ABSTRACT

Control and server programs running on IoT gateways and embedded devices are still open to control-oriented and data-oriented attacks as traditional heavy-duty software countermeasures cannot provide defenses on these devices with limited computing capability, memory, and storage space and possibly in absence of an underlying operating system. Existing host-based program anomaly detection techniques primarily focus on subsets of applications, e.g., on system calls or calls to predefined libraries. They are either not deployable on gateway and embedded devices or are insufficient to detect subtle control-oriented attacks that introduce new anomalous call relationships at the application level. Moreover, they cannot detect malicious intra- and inter-procedural program behavior induced by subtle data-oriented attacks as they fail to capture fine-grained control-flow transfers (e.g., branches or loops) for modeling short-range executions while simultaneously preserving order-sensitivity in long-range behavioral modeling. This dissertation addresses several challenges in reasoning about program execution using fine-grained control-flow transfers and in tracing attributes using software-based low overhead instrumentation. 

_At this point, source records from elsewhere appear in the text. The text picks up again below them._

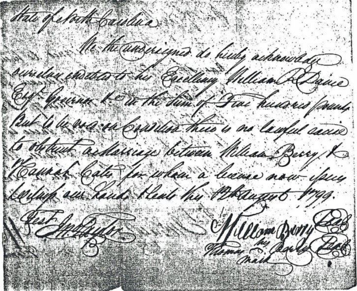 This indenture made and indentured this the 23rd day of November A.D. 1830. Between Henry Berry of the County of Orange and state of North Carolina of the one part and William Berry and Person Berry both of the County of Orange and state aforesaid of the other part witnessed the said William Berry and Person Berry for and in consideration of the sum of $500 to him in hand paid by the said William Berry and Person Berry before the sealing and delivery of their presence the receipt whereof is hereby knowledge, have this day bargained and sold unto the said William Berry and Person Berry there is assignees forever one track or parcel of land situated lying and being in the County of Orange aforesaid on Lick Creek for the Milton Road crosses said Creek William Lipscomb’s corner running fence and easterly course the son of said road as it meanders 35 chains and 33 links to the stake in the said road and two red oak pointers, thence South 26 chains to a black Jack, Rankin McKeey corner and Richard Holeman’s line, thence North 66°, West six chains to the four turkey lick Ranch, thence down the said branch as it meanders to Lick Creek thence down the creek as it meanders to the first station containing by estimation 100 acres and 3/10 of an acre be the same more or less: and the said Henry Berry for himself and his heirs the warrant and defend the right and title of the foregoing describe land and premises for the said William Berry and Person Berry and their heirs and assignees forever the said Henry Berry and his heirs and against the lawful claims of all other persons whatsoever. In testimony whatsoever. In testimony whereof the said Henry Berry hath hereunto set his hand and seal the day and date first year as written.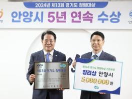 안양시가 ‘2024년 제13회 경기도 청렴대상’에서 장려상을 수상했다고 19일 밝혔다.시는 지난 2020년 장려상 수상을 시작으로 2021~2023년 우수상에 이어 올해까지 5년 연속으로 경기도 청렴대상에서 상을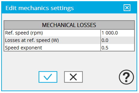 | User inputs for defining the mechanical losses |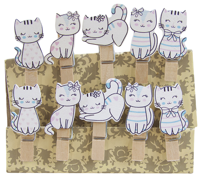 Декоративные мини прищепки Кошечки, 3,5 см, ассорти, 10 шт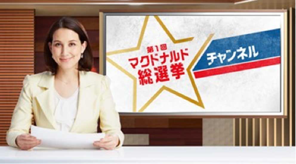 2016年12月26日(月)から一部公開していた「第1回マクドナルド総選挙のキャンペーンサイト」が、2017年1月6日(金)から本公開。立候補バーガーの「公約紹介」をはじめ、「ランキング」の情報、選挙に関連する情報を選挙速報の形式でキャスターの政井マヤさんが伝えていく「総選挙チャンネル」、お気に入りのバーガーを応援するファンの動画、また、「ツイートで投票」など、さまざまなコンテンツを展開して、「第1回マクドナルド総選挙」を盛り上げます。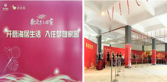 現(xiàn)場(chǎng)包裝處理,細(xì)致入微,清晰的引路標(biāo)識(shí),交房流程沿著道路設(shè)立到交房處,火紅的喜慶標(biāo)貼和橫幅預(yù)示著團(tuán)圓的氛圍。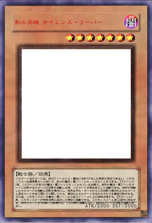 | このカード名のカードは、自分フィールド上・墓地に合計で1枚しか表側で存在できない。このモンスターは通常罠カード扱いで、自分の魔法・罠ゾーンにセットすることもできる。①1ターンに1度、このカードが自分の魔法・罠ゾーンにセットされている状態で、相手が魔法・罠ゾーンのカードに効果が及ぶカードの効果を発動した時、このカードを表向きにして発動できる。相手が発動したそのカードの発動と効果を無効にし、相手は手札・デッキからこの効果で無効化されたカードと同名カードを全て選んで公開してから、無効化されたカードを含めたそれらを裏側で除外する。その後、このモンスターを魔法・罠ゾーンから自分フィールド上に特殊召喚する。②1ターンに1度、このモンスターが特殊召喚に成功した場合に発動できる。このモンスターと同じ縦列に存在する、相手のカードを1枚選んで破壊する。この効果の発動に対し、相手はカードの効果を発動できない。 | |||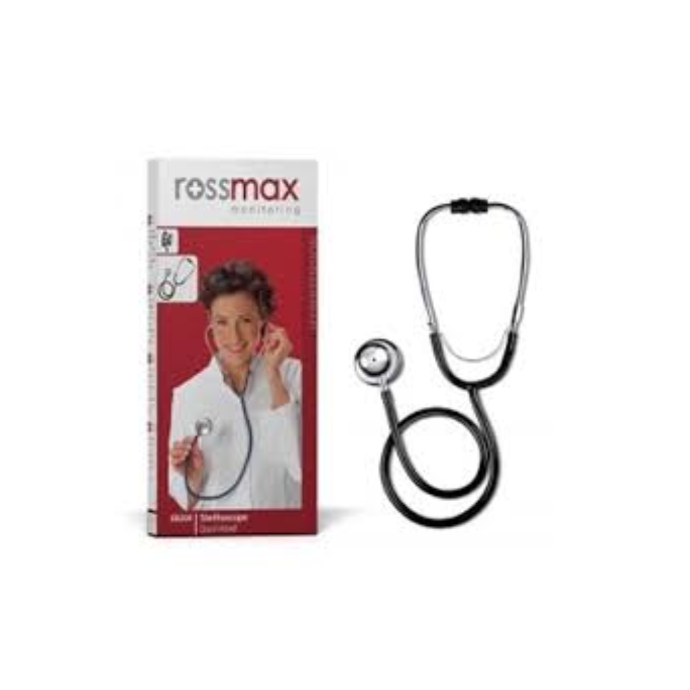ROSSMAX STETHOSCOPE (EB-200) is a high-quality medical instrument used to listen to heart, lung, and other body sounds. It features clear acoustic performance and a comfortable design for accurate and reliable auscultation. Suitable for doctors, nurses, and medical students, it ensures precise diagnosis and easy handling. Durable and lightweight, it is ideal for both clinical and home use.

In first part of the dissertation, we present LANCET, a system for lightweight host-based intrusion detection on IoT gateways. Our modeling captures inter-procedural attributes using all plausible caller-callee relationships in an application. In the second study, we present EDISON, a framework for detecting data-oriented attacks on embedded IoT devices using deep learning. Our modeling integrates two levels to capture both intra- and inter-procedural attributes using graph- and language-based modeling techniques, respectively. Prototypes of our approaches are implemented, and their effectiveness is demonstrated by detecting all reproduced real-world and crafted attacks with relatively high accuracy and low false alarm rates, comparing them against the closest state-of-the-art techniques. We show that they incur low average binary size overhead due to instrumentation and low runtime overhead due to tracing, while detecting attacks promptly. We validate the model designs through ablation studies and verify robustness to adversaries.